## REQUIRED WORK
Retype, word for word, each line between the lines holding "2022 Kaeser M118" and "Soal Tentang Peluang Usaha Pdf", inclusive, and leave the rest of the data alone.

## TASK DATA
☆ ☆ ☆ ☆ ☆

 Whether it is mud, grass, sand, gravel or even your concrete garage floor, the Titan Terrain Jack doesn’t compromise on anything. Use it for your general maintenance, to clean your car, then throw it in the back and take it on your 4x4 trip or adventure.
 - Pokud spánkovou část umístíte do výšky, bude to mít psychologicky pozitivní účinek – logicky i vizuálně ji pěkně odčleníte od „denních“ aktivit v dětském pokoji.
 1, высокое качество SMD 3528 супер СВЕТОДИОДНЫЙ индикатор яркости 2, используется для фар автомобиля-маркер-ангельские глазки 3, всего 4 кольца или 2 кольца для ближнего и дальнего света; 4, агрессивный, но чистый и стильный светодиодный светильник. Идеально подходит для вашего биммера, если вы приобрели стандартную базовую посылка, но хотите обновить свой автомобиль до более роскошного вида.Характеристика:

☆ ☆ ☆ ☆ ☆

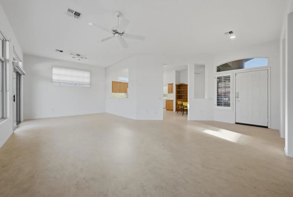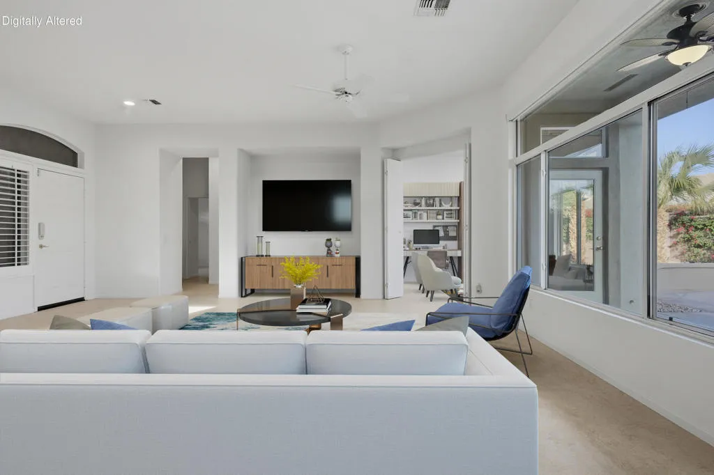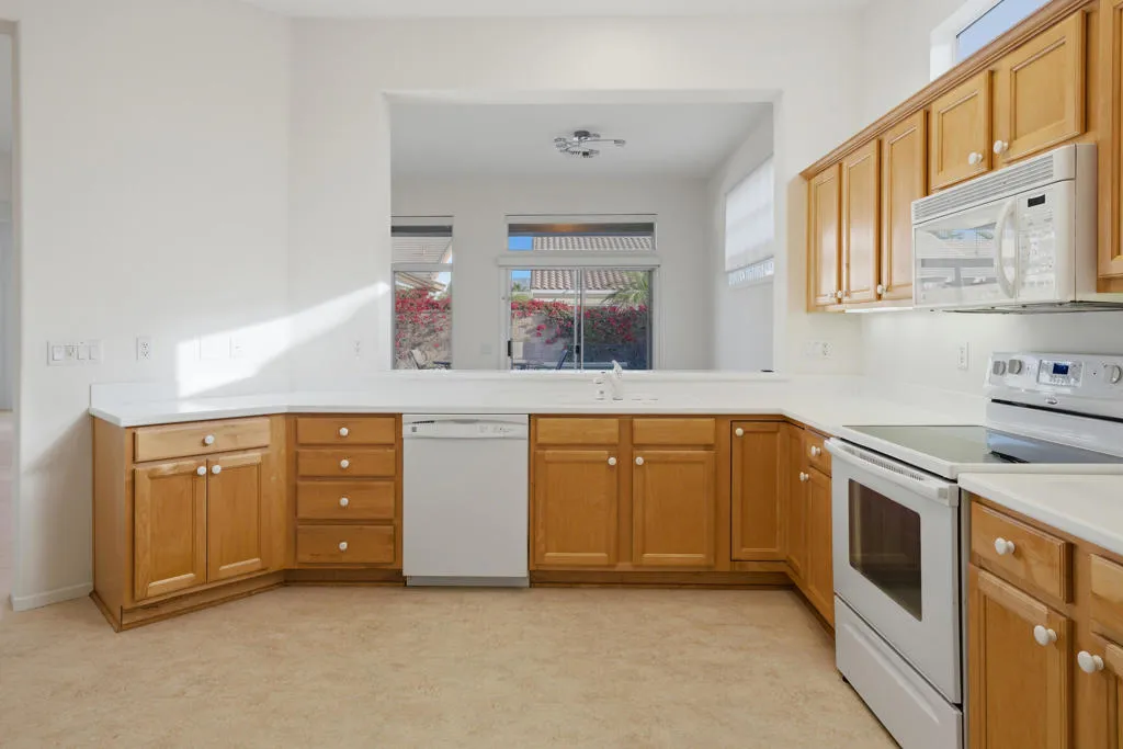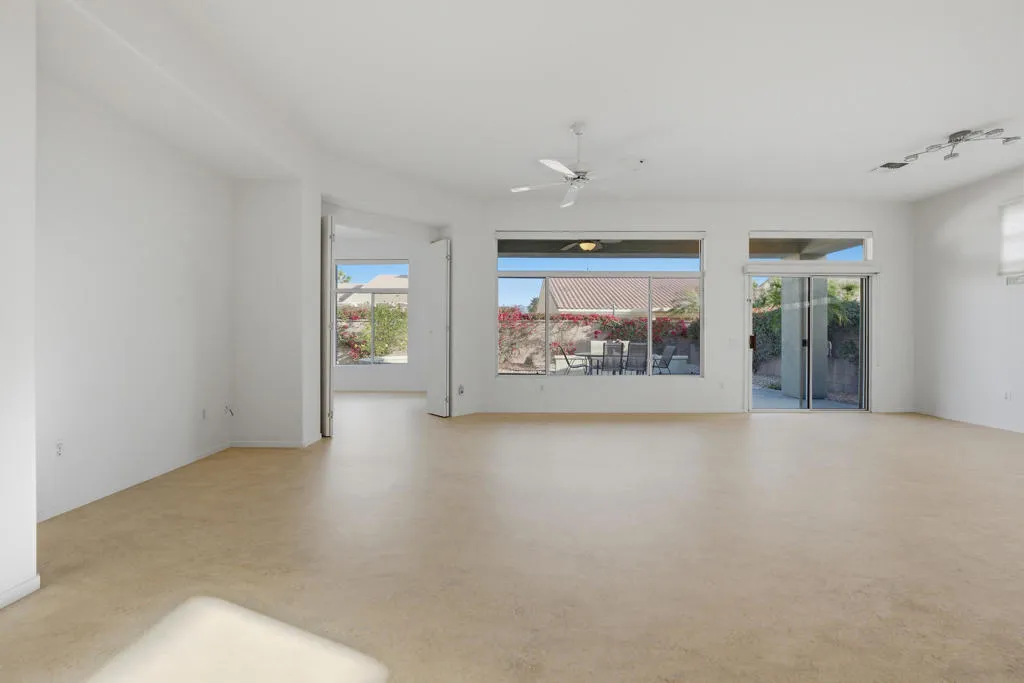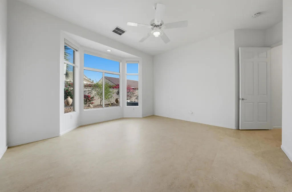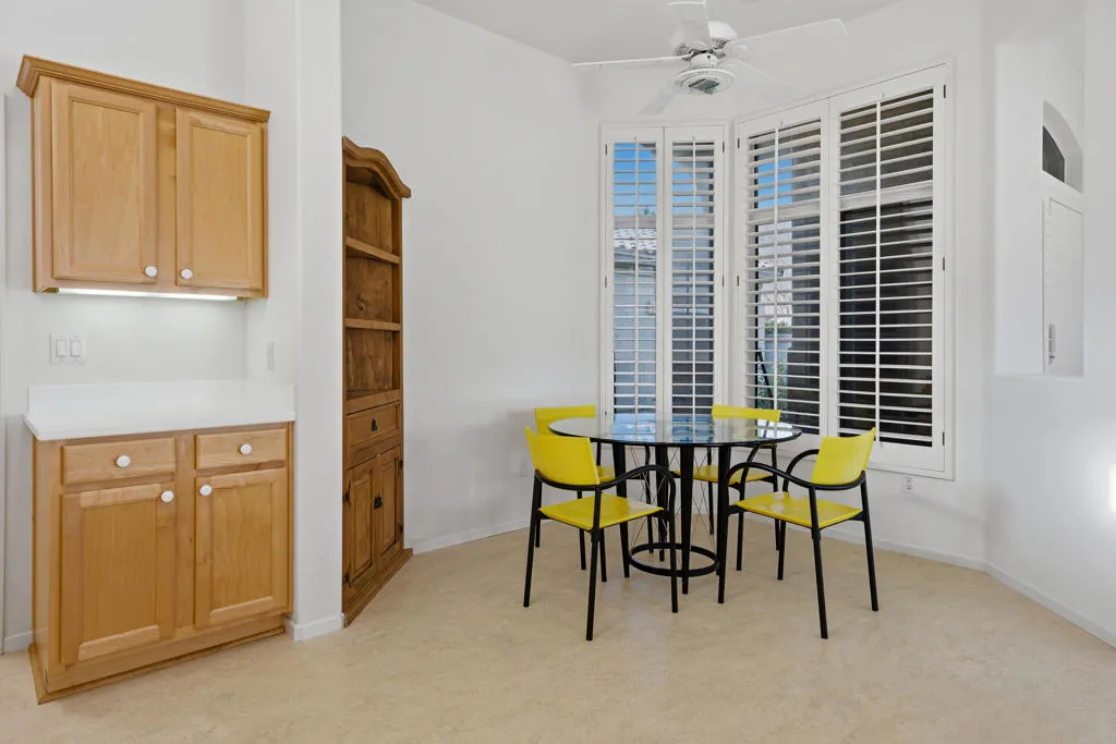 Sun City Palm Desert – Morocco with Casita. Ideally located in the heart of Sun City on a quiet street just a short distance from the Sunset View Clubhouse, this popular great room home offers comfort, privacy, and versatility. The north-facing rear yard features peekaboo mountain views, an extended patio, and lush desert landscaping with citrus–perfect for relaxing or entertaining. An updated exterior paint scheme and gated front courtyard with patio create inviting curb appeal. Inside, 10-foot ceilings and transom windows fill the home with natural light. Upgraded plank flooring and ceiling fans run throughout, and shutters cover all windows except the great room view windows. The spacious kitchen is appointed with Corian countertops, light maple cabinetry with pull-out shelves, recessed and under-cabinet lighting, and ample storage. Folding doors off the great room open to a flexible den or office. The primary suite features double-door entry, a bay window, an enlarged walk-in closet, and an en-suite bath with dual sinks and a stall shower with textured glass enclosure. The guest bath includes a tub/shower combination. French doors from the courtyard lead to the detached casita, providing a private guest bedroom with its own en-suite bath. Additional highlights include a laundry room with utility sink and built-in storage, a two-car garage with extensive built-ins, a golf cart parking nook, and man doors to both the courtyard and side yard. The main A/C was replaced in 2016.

☆ ☆ ☆ ☆ ☆

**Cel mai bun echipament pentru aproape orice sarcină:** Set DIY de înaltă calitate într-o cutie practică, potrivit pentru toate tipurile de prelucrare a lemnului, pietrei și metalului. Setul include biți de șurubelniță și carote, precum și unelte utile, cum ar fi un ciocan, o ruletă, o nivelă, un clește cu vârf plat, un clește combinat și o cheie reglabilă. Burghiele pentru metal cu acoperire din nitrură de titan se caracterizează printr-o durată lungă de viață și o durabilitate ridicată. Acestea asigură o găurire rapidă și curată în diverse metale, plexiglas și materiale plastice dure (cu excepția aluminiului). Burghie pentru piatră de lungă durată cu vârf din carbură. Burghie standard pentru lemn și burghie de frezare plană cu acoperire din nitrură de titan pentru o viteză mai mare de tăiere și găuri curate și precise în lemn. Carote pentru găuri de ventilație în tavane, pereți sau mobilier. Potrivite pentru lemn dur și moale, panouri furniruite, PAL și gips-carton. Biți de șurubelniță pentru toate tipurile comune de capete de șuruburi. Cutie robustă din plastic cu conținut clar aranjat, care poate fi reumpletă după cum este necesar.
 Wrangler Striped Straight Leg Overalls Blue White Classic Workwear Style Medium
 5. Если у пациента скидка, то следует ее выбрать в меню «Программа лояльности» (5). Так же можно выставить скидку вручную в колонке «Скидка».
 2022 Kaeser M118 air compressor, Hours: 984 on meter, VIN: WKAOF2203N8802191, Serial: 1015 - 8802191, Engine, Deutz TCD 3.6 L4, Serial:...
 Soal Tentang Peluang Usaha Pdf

☆ ☆ ☆ ☆ ☆

## EXERCISE SOLUTION
 2022 Kaeser M118 air compressor, Hours: 984 on meter, VIN: WKAOF2203N8802191, Serial: 1015 - 8802191, Engine, Deutz TCD 3.6 L4, Serial:...
 Soal Tentang Peluang Usaha Pdf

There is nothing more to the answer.